Kaigaijin
海外在住日本人のメディア
文化・社会構造の分析

フィリピン映画祭(MMFF)——国産映画が全国を占拠する2週間

毎年クリスマスから年末にかけて開催されるメトロ・マニラ映画祭。この期間、全国の映画館はフィリピン映画専用になる。国産映画産業の現状と課題。

2026-06-13
映画MMFFエンターテインメント

この記事の日本円換算は、1PHP≒3.6円で計算しています(2026年5月時点)。為替は変動するので、現地通貨の金額を基準にしてください。

毎年12月25日から翌年1月7日頃まで、フィリピン全土の映画館がある特殊な状態になる。

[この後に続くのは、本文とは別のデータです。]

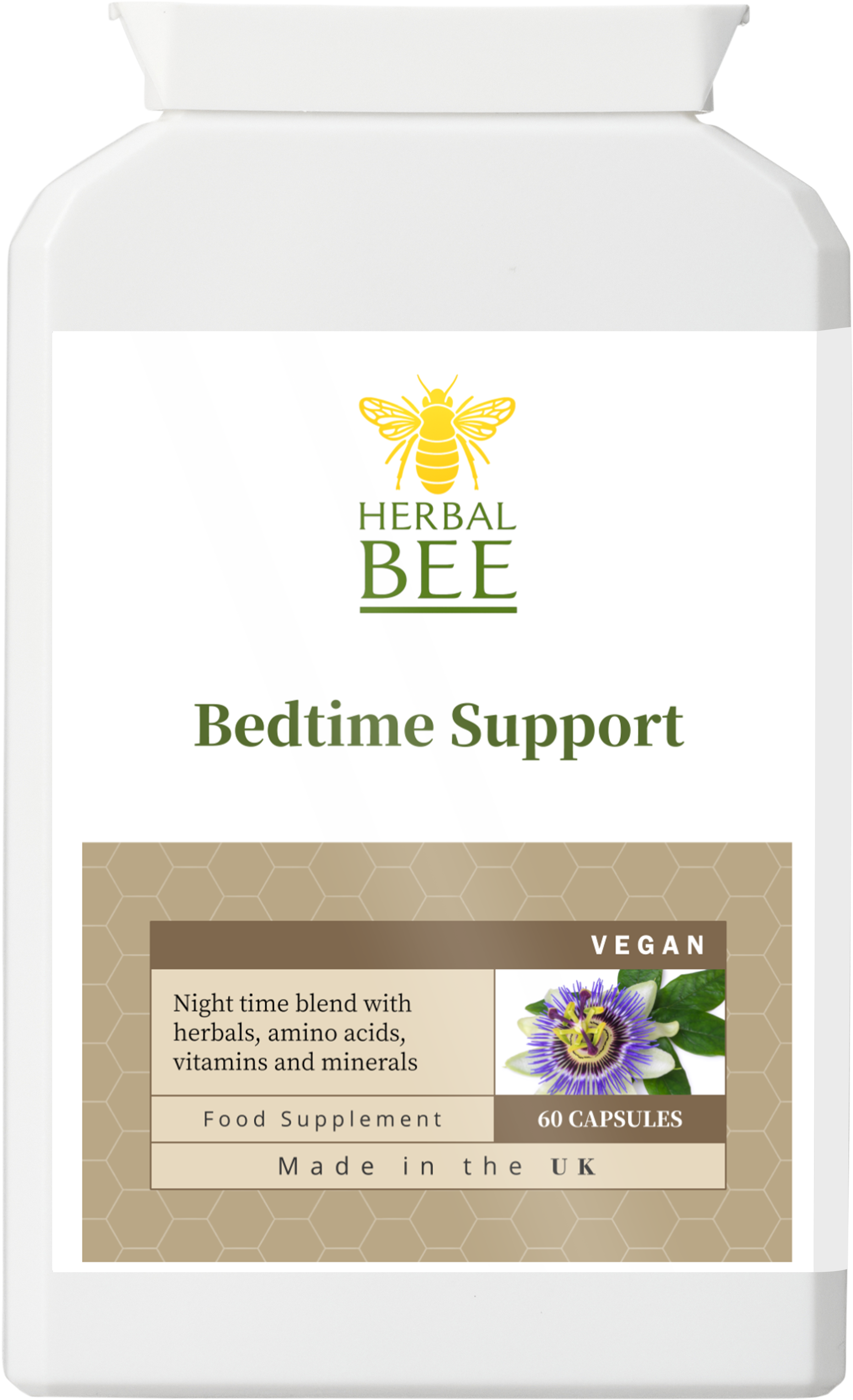 • Valerian root, 5-HTP, magnesium, chamomile & lemon balm

「メトロ・マニラ映画祭(MMFF:Metro Manila Film Festival)」開催期間中、参加映画館ではフィリピン映画のみを上映する義務がある。ハリウッド映画もアニメも、この2週間は完全に棚上げだ。

1975年に始まったこの映画祭は、フィリピン映画産業の保護と振興を目的としている。


MMFFが特徴的なのは、その商業規模だ。ホリデーシーズンと重なることもあり、フィリピン映画の年間興行収入の相当部分がこの2週間で稼ぎ出されるとされる。トップ作品は数億ペソの興行収入を上げることもある。

エントリーされる映画は毎年8本程度に絞られ、コメディ・アクション・ファミリー映画が多い。ABS-CBNやGMA Networksといったテレビ局系のプロダクションが強く、人気テレビ俳優を主演に起用した作品が動員を稼ぐ傾向がある。


一方、MMFFはアート系・実験的な作品への扉でもある。「シネマラヤ(Cinemalaya)」というインディペンデント映画祭もフィリピンでは盛んで、商業主義のMMFFとは別軸の批評的評価を持つフィリピン映画文化がある。

1970〜80年代のフィリピン映画は国際映画祭でも評価される作品が多かった。マニラを舞台にした社会派映画、農村の暮らしを描いたリアリズム作品——この時代を「フィリピン映画の黄金期」と呼ぶ批評家もいる。


現代のフィリピン映画が直面する課題のひとつは、動画配信サービスとの競合だ。Netflixがフィリピン向けにフィリピン語コンテンツを増やしており、映画館よりスマートフォンで映像を楽しむ習慣が、特に若年層に広がっている。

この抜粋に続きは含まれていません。